[Input records Boundary: Start]

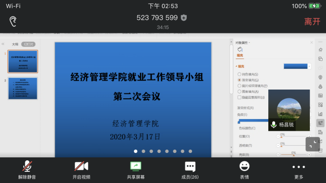 为落实各级各项就业政策,推进《羞羞漫画 全员促进就业工作实施方案》的实施,促进本届毕业生“顺利毕业、尽快就业”,学院就业工作领导小组于2020年3月17日14:00召开扩大会议,这也是领导小组的第二次线上会议。院党委书记杨昌锐、院长杨树旺、院党委副书记沈波、副院长肖建忠、教务科科长石磊、学院各系主任、2016级本科生班级班主任出席会议,会议由辅导员田昆主持。
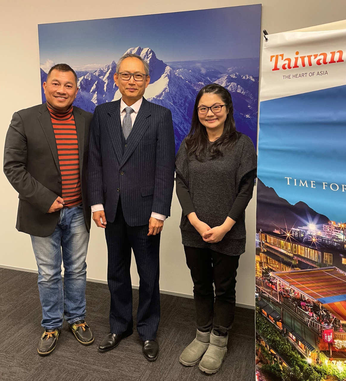 1100623 台商會長大使合影 紐西蘭台商會會長黃柏誠(左)及秘書長曾怡華(右)於6月23日拜會駐紐西蘭陳克明代表(中)
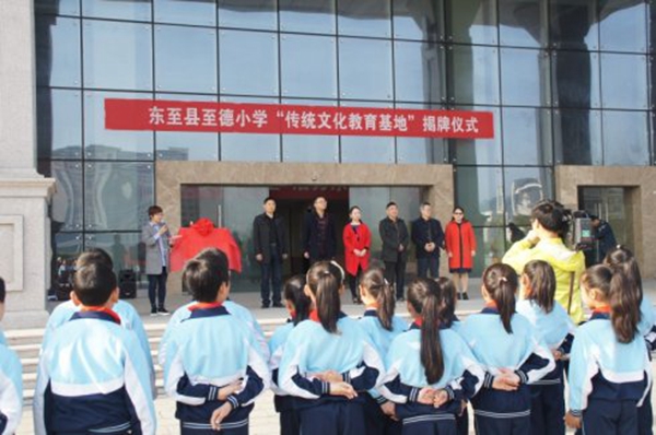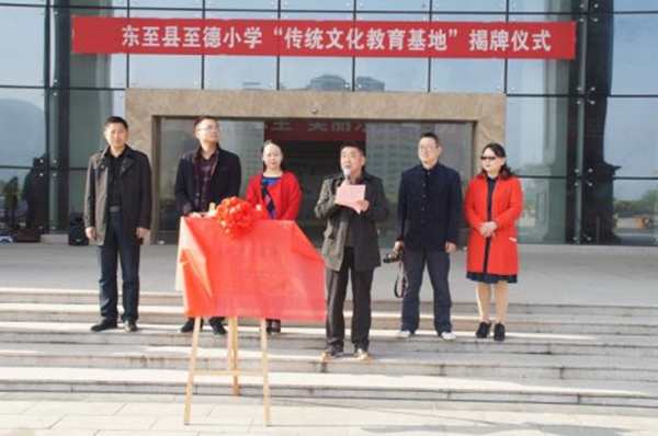 至德小学首次将“传统文化教育基地”牌匾挂在东至家风家训展览馆旁
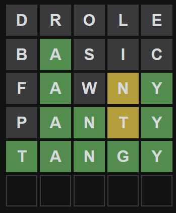 Genre ajd en anglais, "TANGY", perso au 2ème essai par hasard j'ai essayé "TANGO", et ben après j'avais plus d'idées pour la dernière lettre en vrai ...
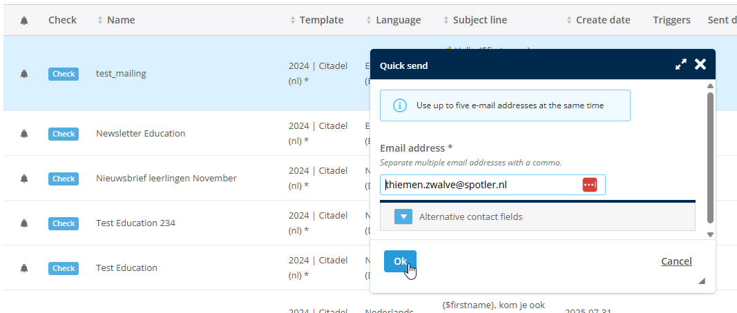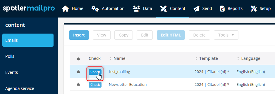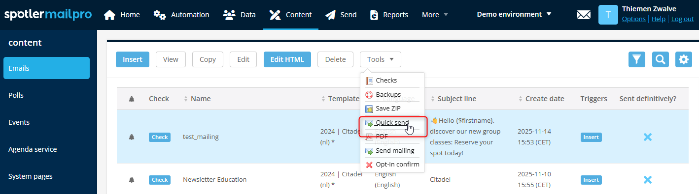 This method allows you to quickly send a message to an email address to test it in the mailbox. Go to the Content module and select the email you want to test; it will now be highlighted in blue in the overview. Then click Tools and then Quick send.
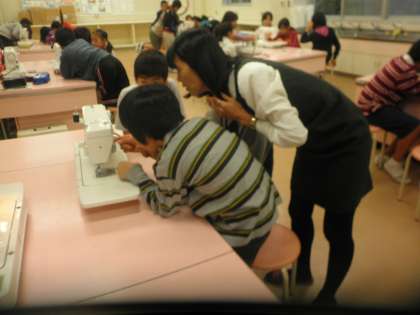先日、お願いしました家庭科ボランティアですが、何名かお手伝いに来ていただいています。今日は、ミシンの下糸を出す練習をしています。ボランティアの方がいると大変助かります。5年生は40名です。学年関係なくお手伝いいただける方はぜひご協力下さい。
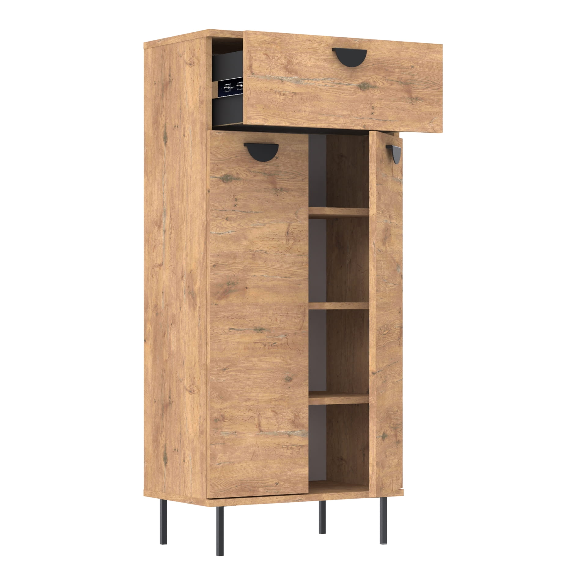 Komoda zawiera szufladę z twardym dnem, który nie ugina się pod ciężarem przedmiotów oraz trzy poziomy z regulowanymi półkami.
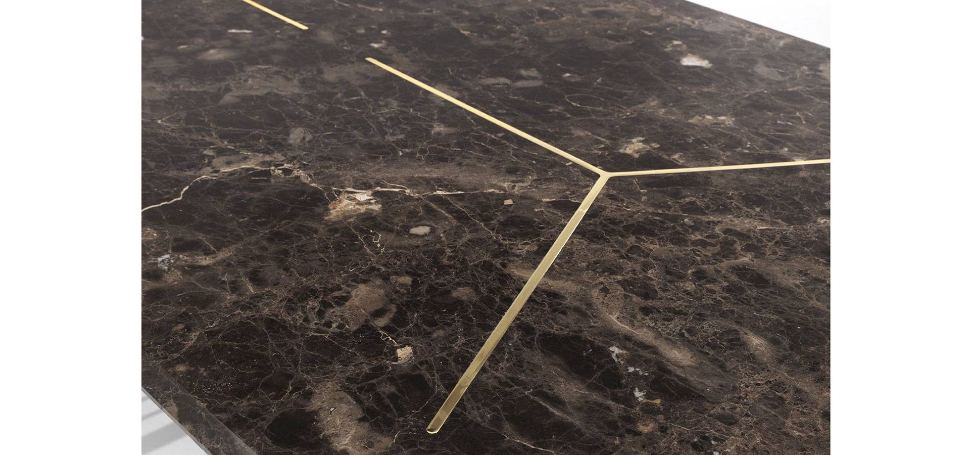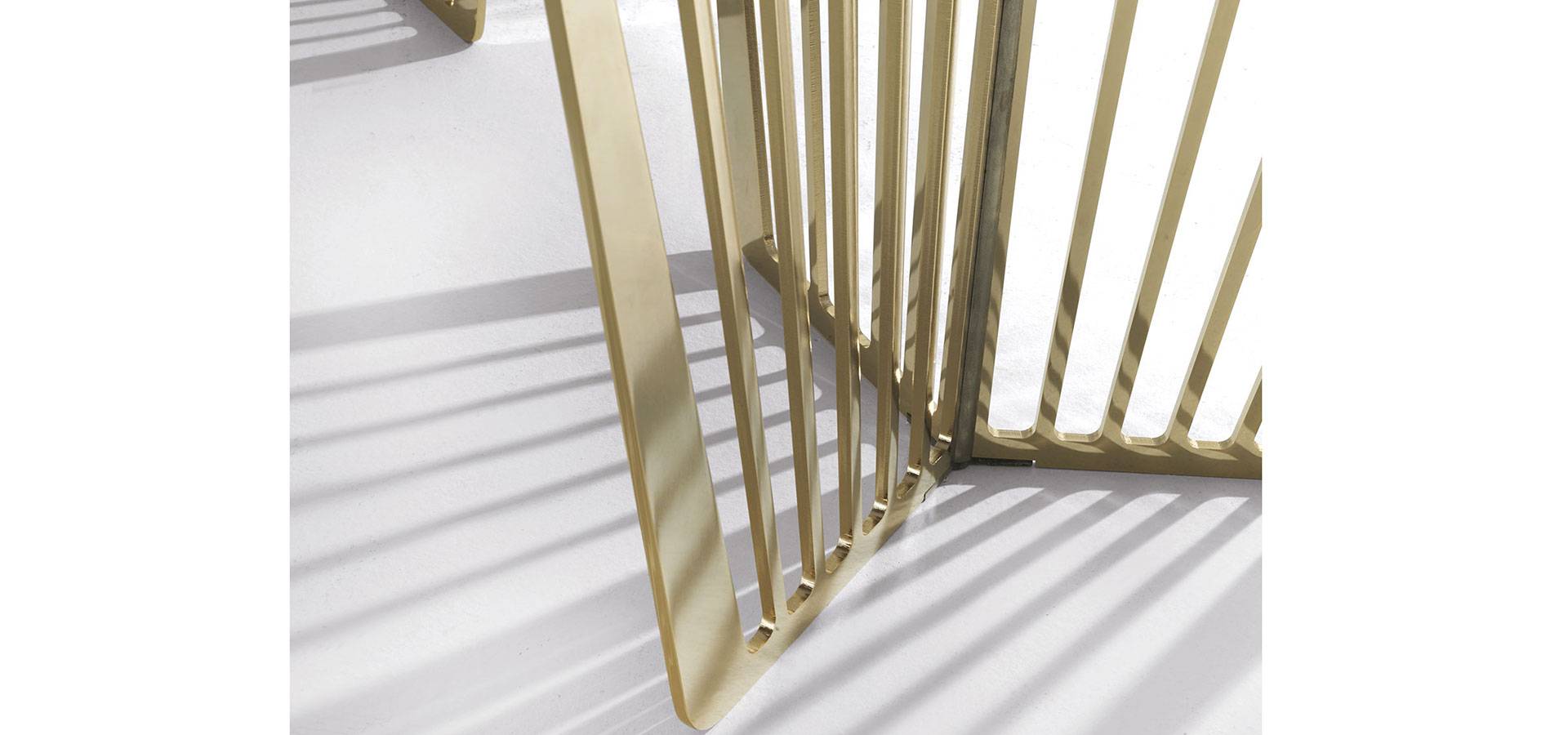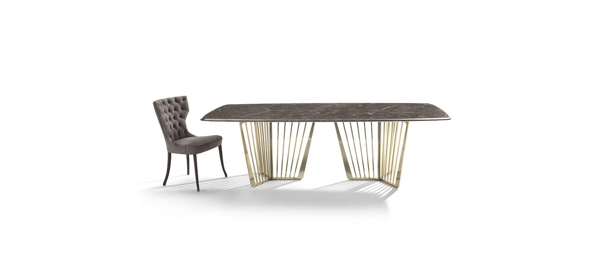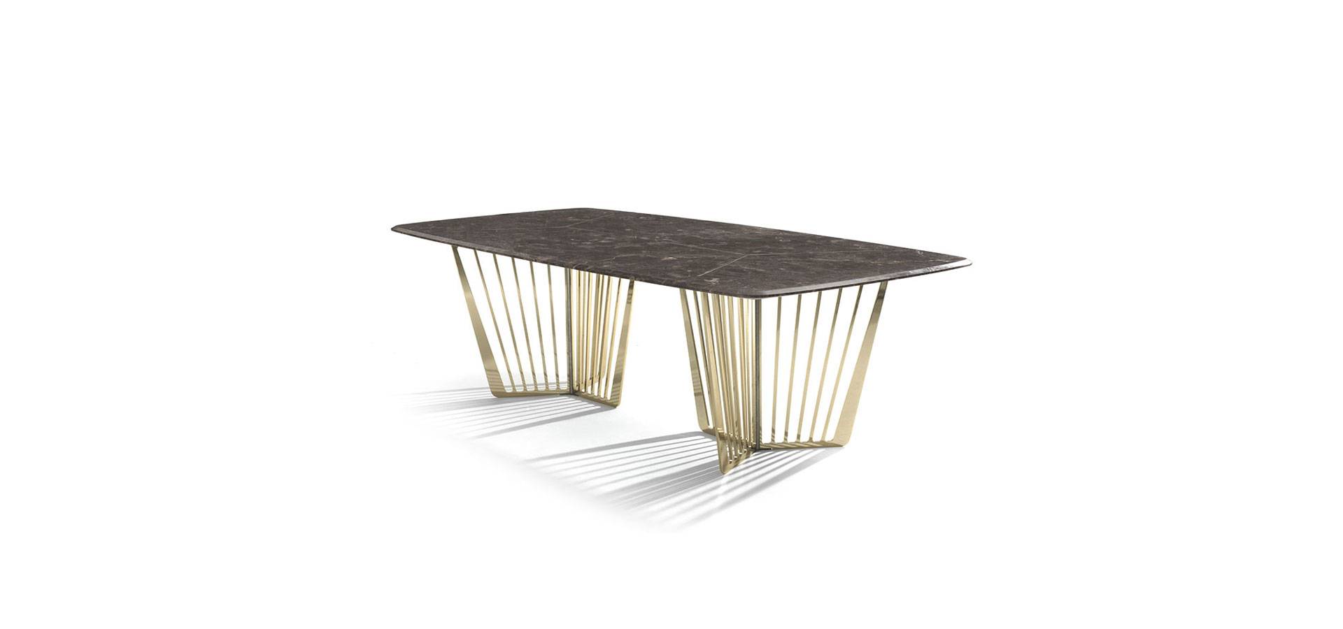 The contradiction of lightness and solidity is realized in the Alfieri table. A vertical pattern distinguishes this metal foundation, which alternates between solids and voids. Marble, a valuable and refined material, is used for the top, which comes in a variety of sizes. The inlay on the top, which mirrors the lines of the base for a visual illusion of continuity, creates an unexpected final appearance. The Alfieri table, in all its glory, adds an exquisite and refined touch to any setting.
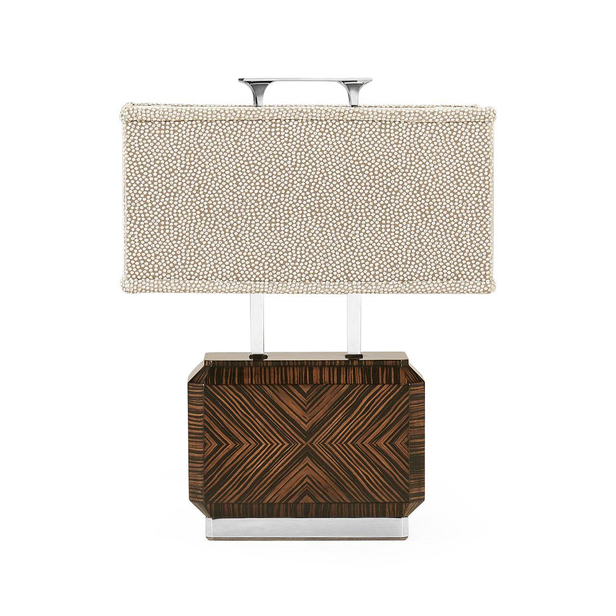 Tea Caddy Faux Macassar Table LampGeometric faux macassar and nickel table lamp based on a Chinese tea caddy form with a rectangular silk shade. JC Modern -Luxe Collection Jonathan Charles captures the heyday of the 20s -40s era, translating their underlying influences to the Luxe collection. Strong silhouettes and graphic linearity are mixed with antique beauty for the modern-day interiors. The Luxe Collection is now available in bronze, gold and silver. Jonathan Charles Furniture At Jonathan Charles, it's all in the detail. Renowned for exquisite quality and specialist artistry, Jonathan Charles excel in designing fine furniture and high-quality antique reproductions inspired by the classics of the past. Jonathan Charles Furniture is made entirely by hand using age-old techniques employed by specially trained artisans. it's this craft and attention to detail that breathes character and long-lasting quality into every furniture piece, successfully imitating antique heirlooms from the past.
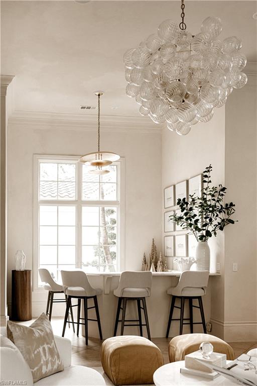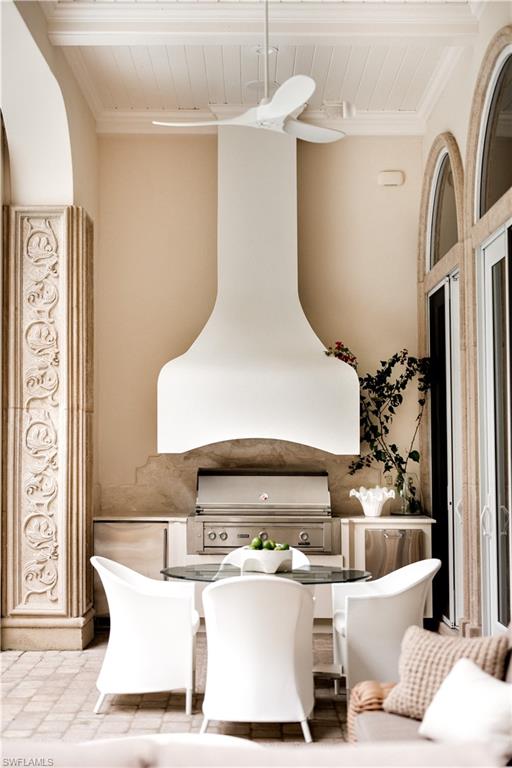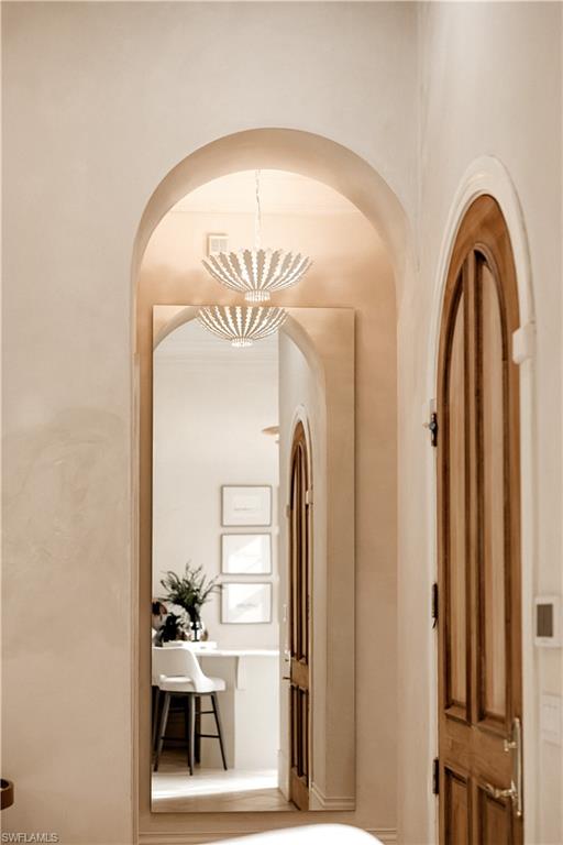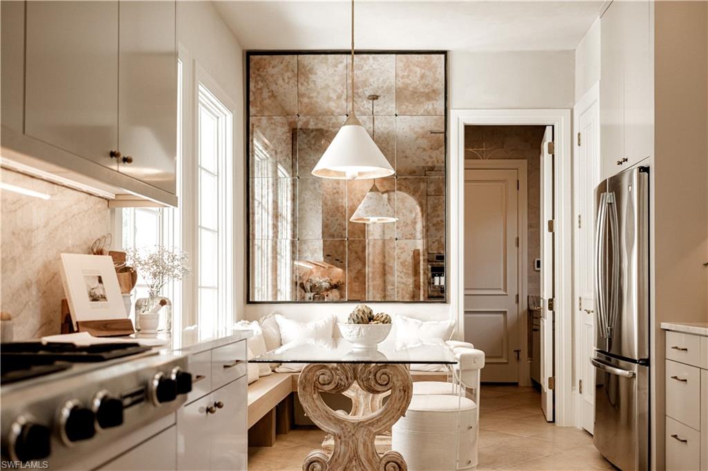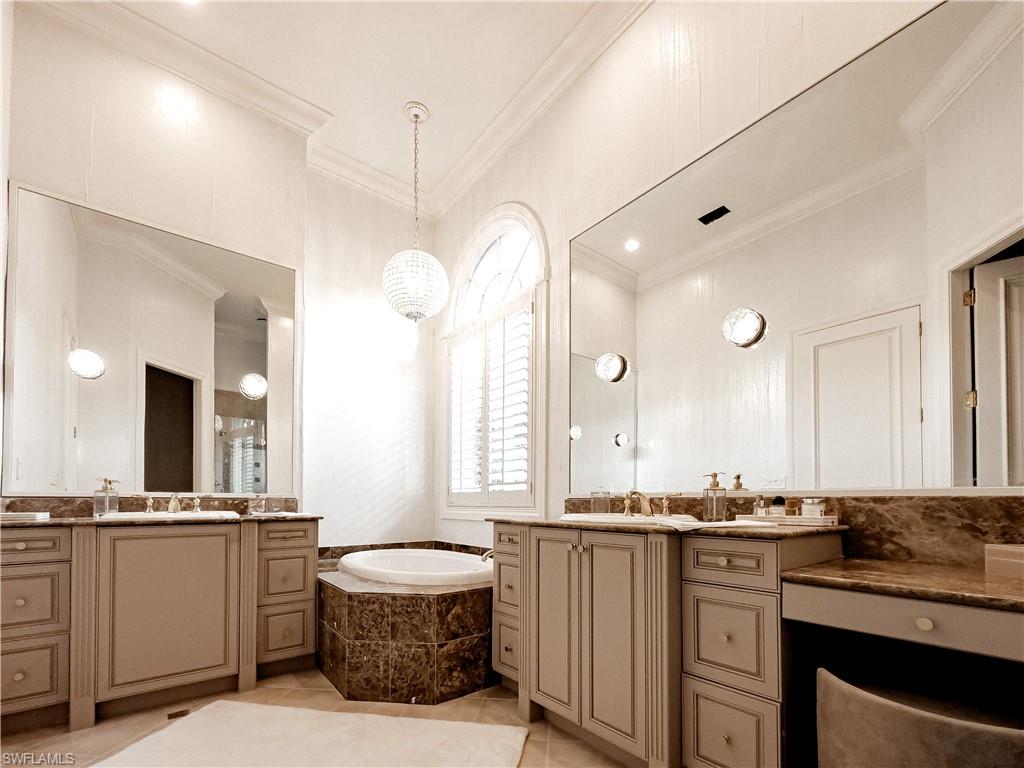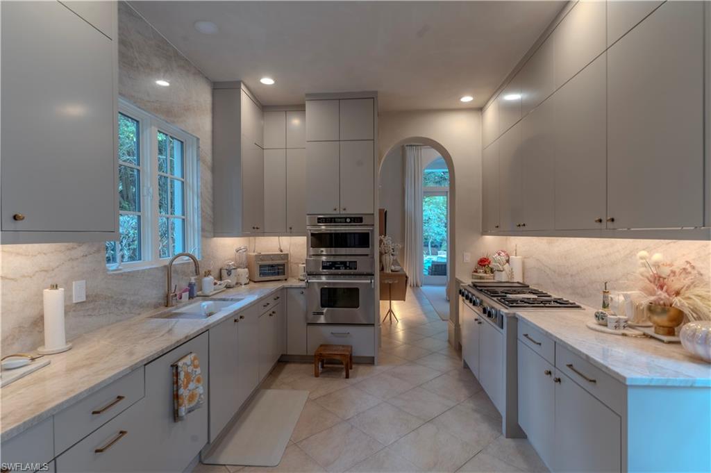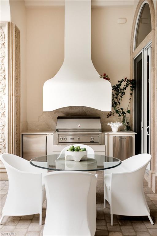 Welcome to this extraordinary, fully renovated villa reimagined by a California superstar designer—an architectural statement that blends timeless Mediterranean elegance with modern luxury. Behind the private gated courtyard, every inch reveals bespoke artistry: one-of-a-kind furnishings, custom millwork, and imported Taj Mahal marble surfaces that exude understated opulence. The light-filled open layout flows through soaring ceilings with intricate crown moldings, arched passageways, and walls of glass that bring the outdoors in. The chef’s kitchen is a true centerpiece, featuring hand-crafted cabinetry, integrated professional appliances, and a waterfall Taj Mahal Quartzite island that feels more like sculpture than stone. Entertain effortlessly at the custom-designed Dianna Royal marble bar—crafted exclusively for this home. The primary suite is a private sanctuary, offering dual vanities, a spa-inspired soaking tub, and a marble-clad walk-in shower. Step outside to your private resort oasis with a covered summer kitchen, a glimmering pool and spa, and lush tropical landscaping that envelops you in serenity. Every element—from lighting and furnishings to flooring and finishes—was curated for this single residence and cannot be replicated. This home stands apart in both design pedigree and execution, commanding a premium over neighboring properties. Experience the pinnacle of luxury living in Mediterra, where world-class amenities meet the artistry of custom design.

[Input records Boundary: End]

_Task item_. From the material above, give again exactly the lines from the one that contains "The contradiction of" through the one that contains "Tea Caddy Faux", and leave out the pictures.

_Completed task_.
 The contradiction of lightness and solidity is realized in the Alfieri table. A vertical pattern distinguishes this metal foundation, which alternates between solids and voids. Marble, a valuable and refined material, is used for the top, which comes in a variety of sizes. The inlay on the top, which mirrors the lines of the base for a visual illusion of continuity, creates an unexpected final appearance. The Alfieri table, in all its glory, adds an exquisite and refined touch to any setting.
 Tea Caddy Faux Macassar Table LampGeometric faux macassar and nickel table lamp based on a Chinese tea caddy form with a rectangular silk shade. JC Modern -Luxe Collection Jonathan Charles captures the heyday of the 20s -40s era, translating their underlying influences to the Luxe collection. Strong silhouettes and graphic linearity are mixed with antique beauty for the modern-day interiors. The Luxe Collection is now available in bronze, gold and silver. Jonathan Charles Furniture At Jonathan Charles, it's all in the detail. Renowned for exquisite quality and specialist artistry, Jonathan Charles excel in designing fine furniture and high-quality antique reproductions inspired by the classics of the past. Jonathan Charles Furniture is made entirely by hand using age-old techniques employed by specially trained artisans. it's this craft and attention to detail that breathes character and long-lasting quality into every furniture piece, successfully imitating antique heirlooms from the past.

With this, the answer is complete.